Richard Lutz wanders down a Cotswold path to stumble upon a bit of hidden history
If there is one thing that sets Britain apart, it is walking in its winter countryside. The light is low, it is mostly damp and quiet and mist can roll between the trees. If ever you believed in fairies, trolls or the hocus-pocus of magic, it is in this climate, in this season.
And if there is a single thing in a winter’s day that can only be British (or even more specifically English) it is walking through a winter’s day approaching a remote rural church.
These country churches, quiet, forgotten, slowly deteriorating, are the bones of England. And the more forgotten they are, rather than celebrated and cleaned up, the more they are an emblem to Englishness.
Today, I walked from the small hamlet of Lower Oddington in the Cotswolds to its church. Not the grand Victorian one that sits pompously on its winding High Street. But St Nicholas, down an old country lane, with a funky arrowed-sign gesturing to the appropriately named Church Lane (what else?).
As one commentator delightfully put it: ‘Oddington is hidden, like an old sea chest shoved away...’
It is a 20 minute walk with a low sun peeping over a wet green field. St Nicholas appears beyond a wood. It is surrounded by yew and beech. There is a lingering fragrance of wild damp undergrowth, the perceptible sound of falling late leaves or the rustling of tiny animals. The church, and it is a large one, sits on a knoll; it’s the last remnant of a lost village that may have vanished after a plague, Thankfully, it’s not closed. The heavy door creaks open, the sound of a 900 year old church. Inside the white stone creates its own low light. The north wall, a big wall, is astonishing. On its faded expanse is a fading 14th century doom painting, a medieval landscape of the damned descending to hell, a warning to those who are foolish enough to ignore the Bible.
It’s hard to make out individual figures or even individual devils and saints on its canvas, 32 feet long and 15 feet high. It is fading, There are Christ, his apostles, angels, there’s a trumpet, there’s a devil and, of course, the hellfire and the damned being plagued by eternal torment. The Puritans whitewashed this vast mural and it was only uncovered 100 years ago and slowly gently, sometimes badly, touched up.
The pictures fade in the fading winter light. And it seems proper. This is an enduring feature of the English church, the forgotten rural English churches from Devon to Northumberland. Things do fade. And it makes sense.
St Nicholas, with its stone roof and on its hillock, has other intriguing treasures. A mural from the 1500s seemingly portrays the notorious Cardinal Wolsey. It was created while he was still alive. He was Archbishop of York during Henry VIII’s time (as portrayed in the novel Wolf Hall) and used a sumptuous manor house in Oddington which belonged to his bishopric. Historians think the anonymous painter wanted to show him either as a paragon of virtue or as a sinister figure as he approached his fall.

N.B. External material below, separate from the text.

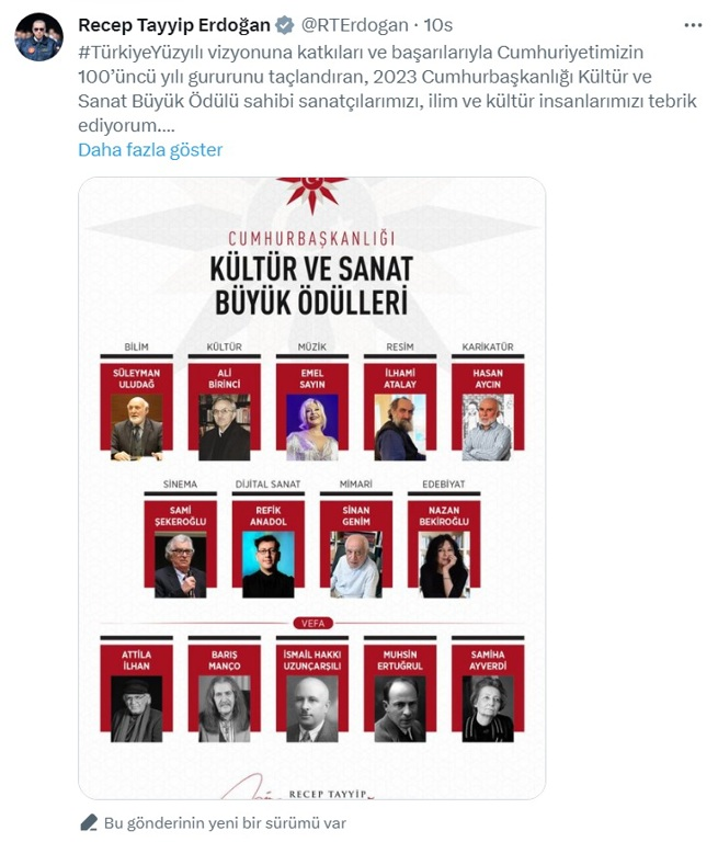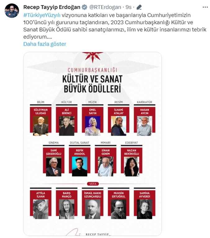 Erdoğan, sosyal medya hesabından yaptığı paylaşımda “2023 Cumhurbaşkanlığı Kültür ve Sanat Büyük Ödülleri”ni kazananları açıkladı.

An early 19c coat of royal arms commemorating William IV hangs above the chancel arch, all very regal and military and out of place. And a Victorian altarpiece had been set in the east wall by a grieving father for a son killed during the First World War.
But they are side shows.
The beauty of this church is its 700 year old wallpainting, said to be the largest in England.. The largest, yes, but maybe one of the least known.
The architectural experts, notably Nicholas Pevsner and Simon Jenkins, pay tribute to it and its hidden home-St Nicholas- tucked away in the Cotswolds.
But it takes a creak of an old wooden door on a damp fading day to really understand the belly of England and its painted walls as winter approaches.
I am ready to visit the Cotswolds (and what is the derivation of that name?).
Yes, it could only be in England, casually reaching back to ancient times. Only outsiders like us can see what a strange and charming country England really is.